Viet Cong veteran Nguyen Thi Nghia, who joined
the revolution when she was 13, recalled how her village “went
underground” and how she once spent five days in a hot and
claustrophobic tunnel during a heavy bombing raid.
“The earth was swaying like a hammock,” said
Nghia, 61. “We were crouching in the tunnels with only one candle.
We tried not to speak to save oxygen and limit carbon monoxide. We
tried not to move.

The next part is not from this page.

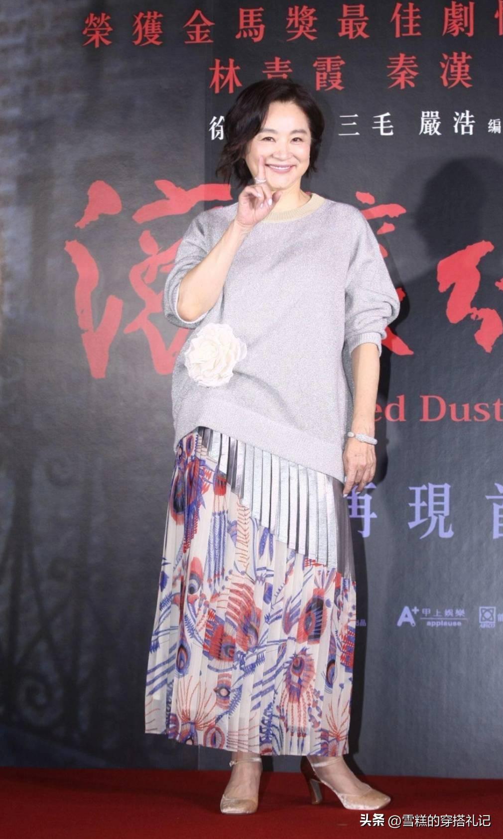 像林青霞這一件印花百褶裙,搭配上淺灰色的衛衣,腰間別一朵牡丹花裝飾,就顯得非常時髦減齡。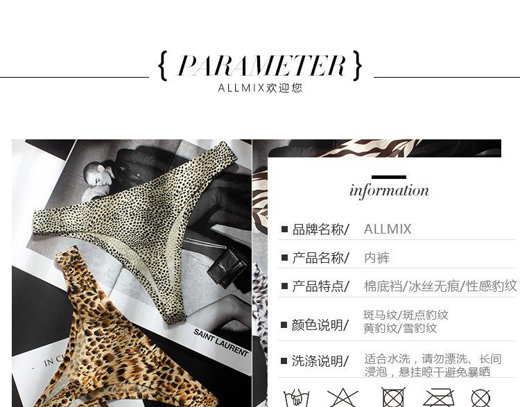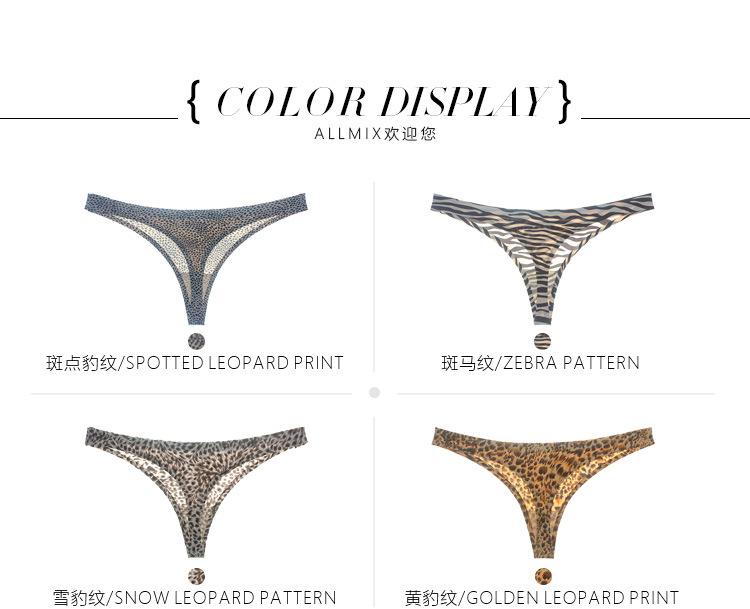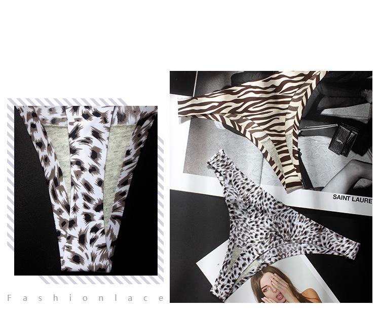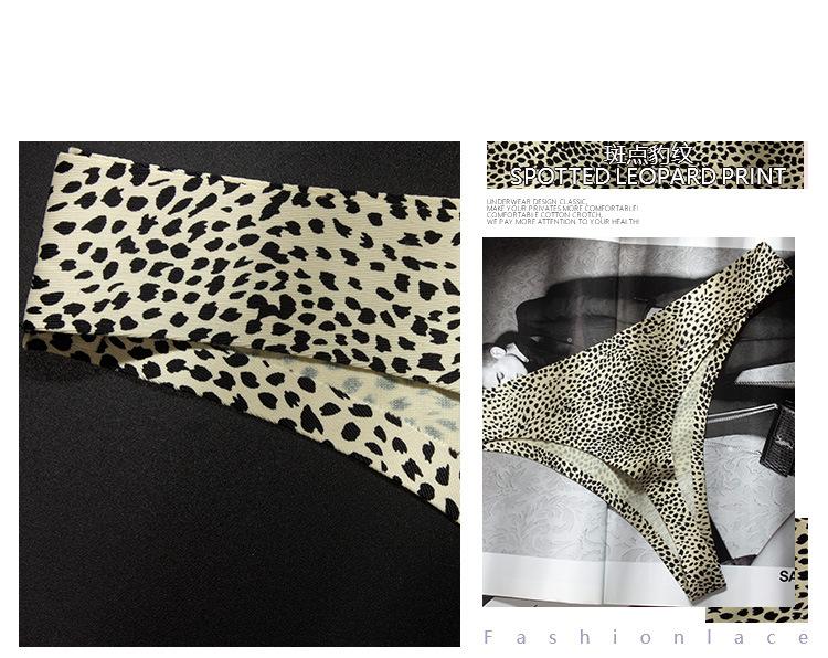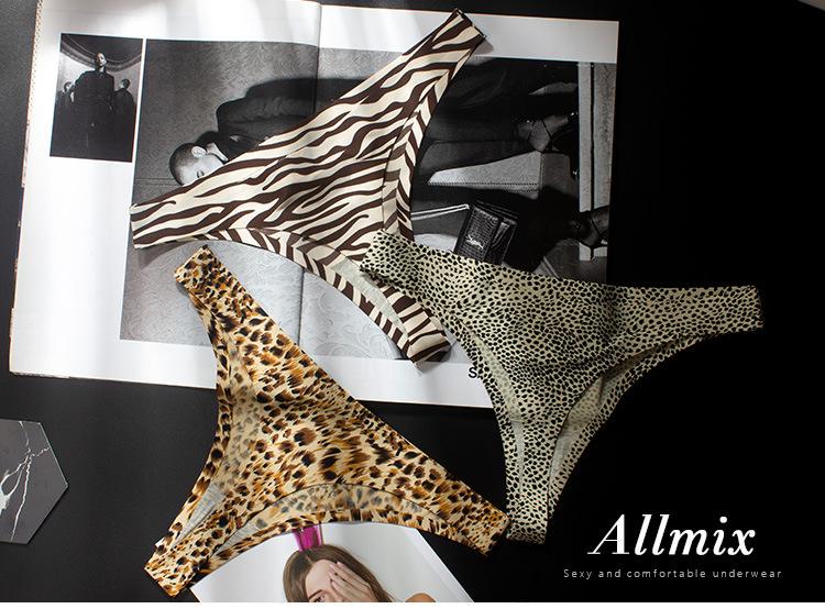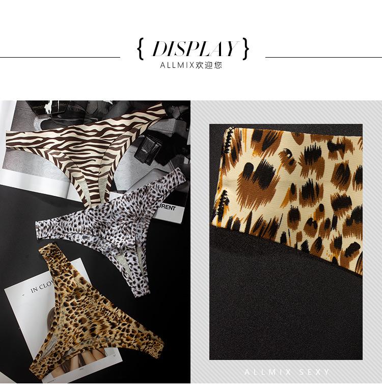 Ropa Interior de Mujer de Comercio Exterior Sexy e Interesante Estampado de Leopardo Seda de Hielo Cintura Baja Una Pieza Sin Costuras Calzones Tanga para Mujer

We were soaked in sweat.”
Today, Americans are back, firing M-16s at Cu
Chi, but this time they are among the tourist crowds blasting away
for $1.30 a bullet at a shooting range set up at what is now the Cu
Chi tunnels tourist park.
A souvenir shop sells war kitsch, including mock
hand grenade cigarette lighters, key rings made from assault rifle
rounds, fake GI Zippos engraved with gung-ho war slogans, and
plastic figurines of VC guerrillas.
Tourists now photograph each other atop the
rusty carcass of an M41 tank claimed by a landmine in 1971 and crawl
through a section of tunnel that has been widened to accommodate the
larger bulk of many Westerners.
A group of VC mannequins in olive uniforms and
gray VC neck scarves take a rest in a jungle shelter, listening to
revolutionary news on a field radio and drinking, the guide says,
rice whiskey to ward off malarial chills.
The guide points out the swimming-pool sized
crater of a B-52 bomb that once served as a fish pond for the
peasant fighters, and a ventilation shaft hidden inside a termite
mound to keep away the enemy’s sniffer dogs.
The tour is full of gallows humor, but to most
Vietnamese, Cu Chi still epitomizes the horror and heroism of war.
When B-52s carpet-bombed Cu Chi in 1968, most
tunnels collapsed and became the graves of those inside.